The P300 is a positive-going waveform, occuring about 300 ms poststimulus, that is hypothesized to reflect memory updating, especially that dealing with language processing. Present in ERP recordings wherein the participant updates previously formed memories, it is said to reflect whether relatively short-term memory systems are intact.

The P300 is highly manipulatable: It is significantly affected, in terms of latency and amplitude, by the current arousal levels and biological cycles of the subject being tested.
P300 is an event-related potential that occurs upon recognition of a given stimulus in a series being unlike the previous stimuli, referred to as an oddball stimulus in the literature. They are important in the study of attention, as they occur when the attended part of reality changes, replacing boredom (or at least inhibited response) with interest in the new stimulus. P300 waves have been understood in electrophysiology to mean that the subject is able to consciously identify and categorize a stimulus, and represent the subject updating his working memory with the new information. For instance, if a subject has been listening to trombone noises and a flute tone is played, a P300 wave will appear 300 ms later on the EEG machine.

Amplitude of the measured P300 wave is inversely related to the probability of the oddball stimulus. That is, the less frequent the oddball is, the more visible the P300 spike will be. Interestingly, a small P300 will appear for both categories of stimulus when they are presented at nearly the same frequency, and will be slightly larger for the slightly less frequent category. For instance, when asked to press one button if the presented letter is a vowel, and another if it's a consonant, there will be a P300 wave for both, and it will be higher for whichever letter type is less common.
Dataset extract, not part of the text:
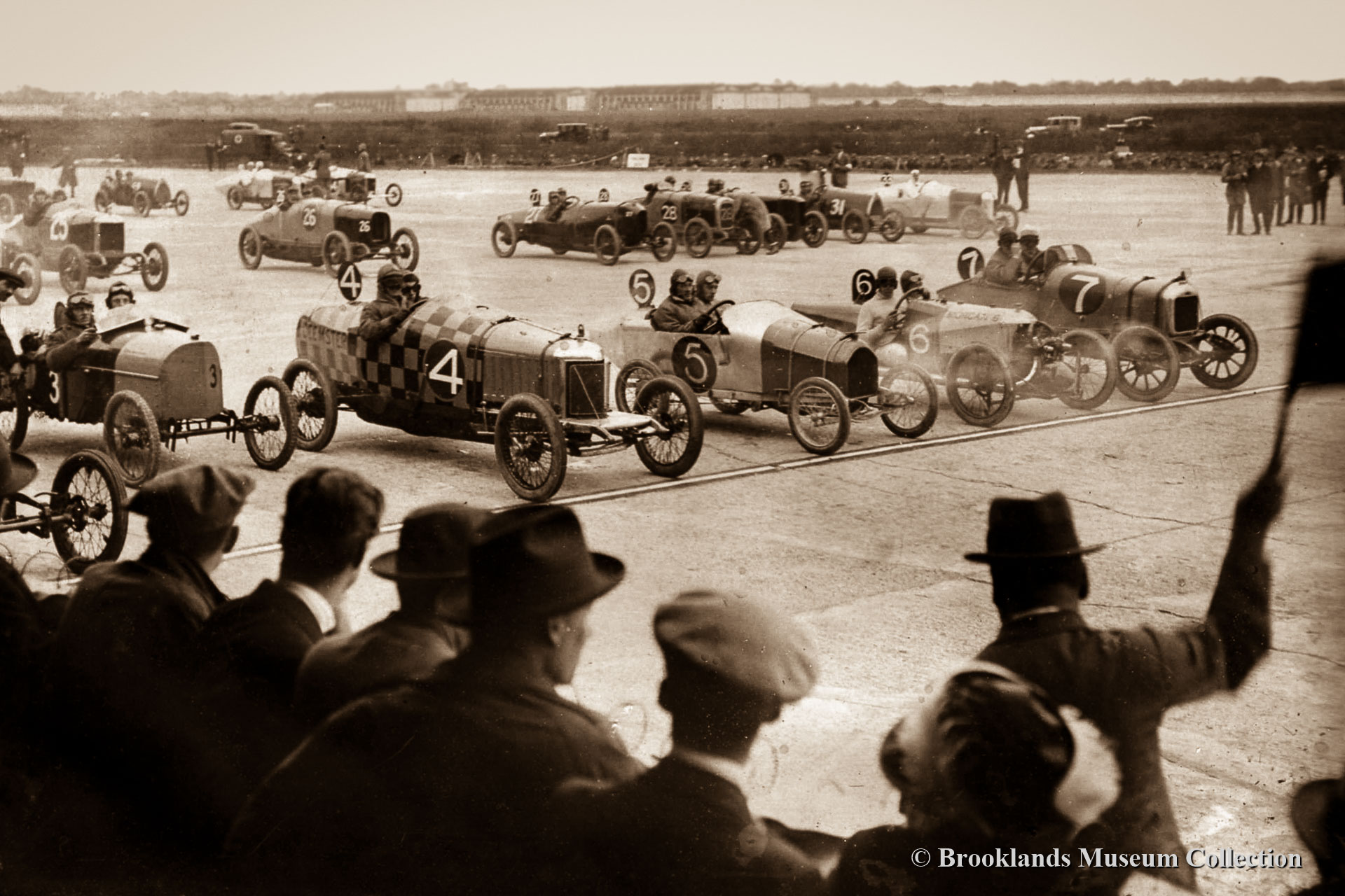 • 29 The first Junior Car Club (JCC) 200 miles race for 'voiturettes' (racing cars up to 1500 cc). View of the start-line 22 October 1921

P300 waves are present in people with most varieties of mental retardation, suggesting that their working memory is being updated in the same way as everybody else's. Psychotropic drugs, however, do have an effect on P300 -- Prozac attenuates it somewhat with even a single dose, and does so dramatically with repeated administration, though this hasn't been shown to have any clinical ramifications.
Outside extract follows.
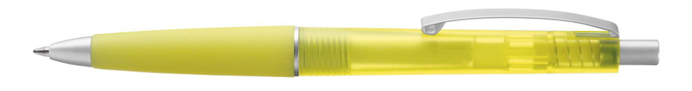 Druckkugelschreiber mit transparent gefrostetem Gehäuse, Gummigriffzone und geschwungenem Metallclip. Drücker, Zierring und Spitze in matt silber.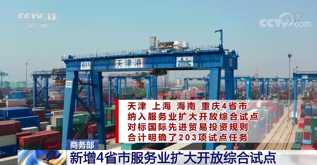 经济稳中向好,开放创新一刻不停。商务部相关负责人介绍,日前,国务院批复同意将天津、上海、海南、重庆4省市纳入服务业扩大开放综合试点,对标国际先进贸易投资规则,合计明确了203项试点任务。

An event-related potential initially evoked by presenting a sequence of similar tones followed by an odd-ball tone. Interesting applications have been developed by a group of neurophysiologists in the American midwest.

Lie detection is traditionally done by measuring heart rate, skin conductance, and rate of breathing. These measures are sensitive to individual health issues. An example is the case of Los Alamos Laboratories, where federal investigators demanded that top nuclear physicists turn over lists of medication to polygraph operators.
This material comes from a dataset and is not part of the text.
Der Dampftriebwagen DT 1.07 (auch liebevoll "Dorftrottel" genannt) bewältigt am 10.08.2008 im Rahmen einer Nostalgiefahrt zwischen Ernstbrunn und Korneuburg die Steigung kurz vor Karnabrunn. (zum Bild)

The P300 event-related potential can be used to determine concealed knowledge that only a criminal would know. By placing details of the crime(s) randomly among a list of non-relevant items, one can distinguish criminal from citizen. If an individual recognizes a detail of the crime, they produce both a P300 event-related potential and are also guilty of, or at least familiar with, the crime.

A second application of P300 recognition waveforms is the diagnosis of Alzheimer's Disease. Dr. John Polich and several others have shown that as Alzheimer's progresses, P300 amplitude decreases and latency increases. While individual differences in neuromechanics prevent this from being a perfect diagnosis of the disease's progress, it can assist doctors in charting an individual's decline.